[DATA TO PROCESS Boundary: Start]

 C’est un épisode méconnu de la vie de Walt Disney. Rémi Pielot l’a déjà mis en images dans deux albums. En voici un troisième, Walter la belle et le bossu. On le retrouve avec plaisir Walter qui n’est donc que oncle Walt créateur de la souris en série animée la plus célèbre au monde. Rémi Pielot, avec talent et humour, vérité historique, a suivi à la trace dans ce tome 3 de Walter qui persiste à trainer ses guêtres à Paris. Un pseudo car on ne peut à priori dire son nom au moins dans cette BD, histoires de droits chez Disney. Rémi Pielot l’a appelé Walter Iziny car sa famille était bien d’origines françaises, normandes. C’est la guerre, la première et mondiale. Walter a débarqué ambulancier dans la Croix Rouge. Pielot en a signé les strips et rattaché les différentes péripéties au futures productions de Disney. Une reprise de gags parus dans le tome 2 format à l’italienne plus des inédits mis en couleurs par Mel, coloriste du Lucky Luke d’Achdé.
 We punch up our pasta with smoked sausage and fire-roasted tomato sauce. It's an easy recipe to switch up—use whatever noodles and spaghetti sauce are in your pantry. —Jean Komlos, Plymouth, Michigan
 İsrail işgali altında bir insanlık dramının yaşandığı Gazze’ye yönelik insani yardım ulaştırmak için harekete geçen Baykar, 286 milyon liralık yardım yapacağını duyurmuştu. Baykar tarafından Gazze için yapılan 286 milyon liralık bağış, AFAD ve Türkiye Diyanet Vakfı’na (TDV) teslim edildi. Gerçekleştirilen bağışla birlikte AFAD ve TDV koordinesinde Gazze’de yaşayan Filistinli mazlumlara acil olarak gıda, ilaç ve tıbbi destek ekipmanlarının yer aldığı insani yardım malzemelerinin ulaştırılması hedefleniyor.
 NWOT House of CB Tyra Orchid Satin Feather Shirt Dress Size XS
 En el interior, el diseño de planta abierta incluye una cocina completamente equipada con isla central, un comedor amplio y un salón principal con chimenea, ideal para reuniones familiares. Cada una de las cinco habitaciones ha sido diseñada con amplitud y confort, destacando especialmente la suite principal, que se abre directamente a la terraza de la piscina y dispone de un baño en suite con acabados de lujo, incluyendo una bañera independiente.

[DATA TO PROCESS Boundary: End]
[DATA TO PROCESS Boundary: Start]

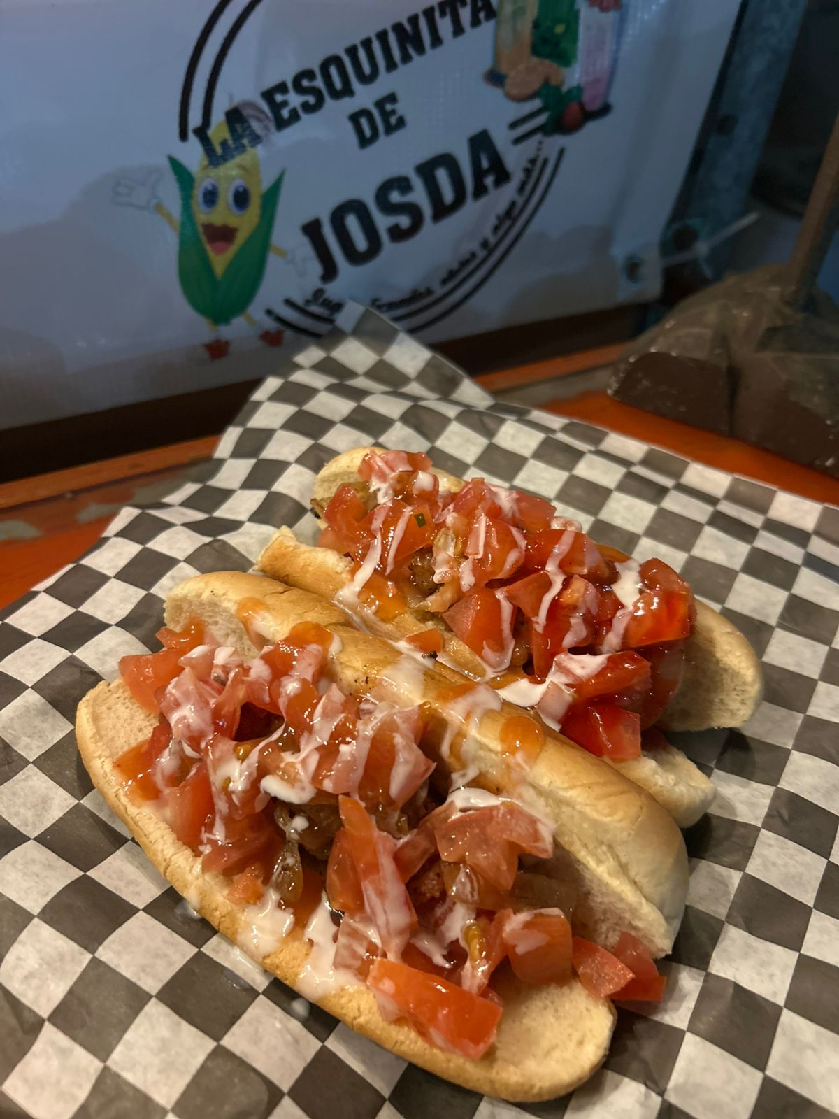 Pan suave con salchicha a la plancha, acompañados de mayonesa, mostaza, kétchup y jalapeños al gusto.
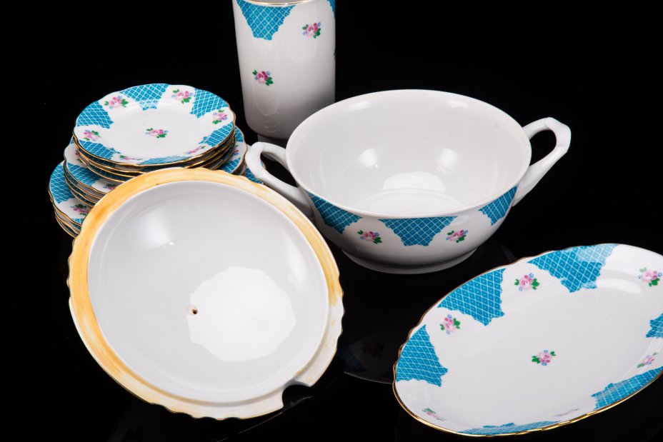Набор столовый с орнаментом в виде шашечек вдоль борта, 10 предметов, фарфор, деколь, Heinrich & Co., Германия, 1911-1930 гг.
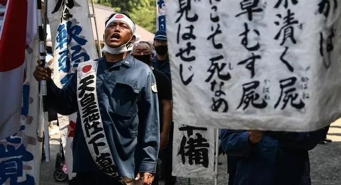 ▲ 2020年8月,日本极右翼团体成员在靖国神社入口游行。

[DATA TO PROCESS Boundary: End]

▸ HOW TO COMPLETE THIS TASK: Retype exactly the span of lines from the one with "İsrail işgali altında" through the one with "En el interior, el"; include both ends and omit the rest of the material.

▸ RESPONSE BOX:
 İsrail işgali altında bir insanlık dramının yaşandığı Gazze’ye yönelik insani yardım ulaştırmak için harekete geçen Baykar, 286 milyon liralık yardım yapacağını duyurmuştu. Baykar tarafından Gazze için yapılan 286 milyon liralık bağış, AFAD ve Türkiye Diyanet Vakfı’na (TDV) teslim edildi. Gerçekleştirilen bağışla birlikte AFAD ve TDV koordinesinde Gazze’de yaşayan Filistinli mazlumlara acil olarak gıda, ilaç ve tıbbi destek ekipmanlarının yer aldığı insani yardım malzemelerinin ulaştırılması hedefleniyor.
 NWOT House of CB Tyra Orchid Satin Feather Shirt Dress Size XS
 En el interior, el diseño de planta abierta incluye una cocina completamente equipada con isla central, un comedor amplio y un salón principal con chimenea, ideal para reuniones familiares. Cada una de las cinco habitaciones ha sido diseñada con amplitud y confort, destacando especialmente la suite principal, que se abre directamente a la terraza de la piscina y dispone de un baño en suite con acabados de lujo, incluyendo una bañera independiente.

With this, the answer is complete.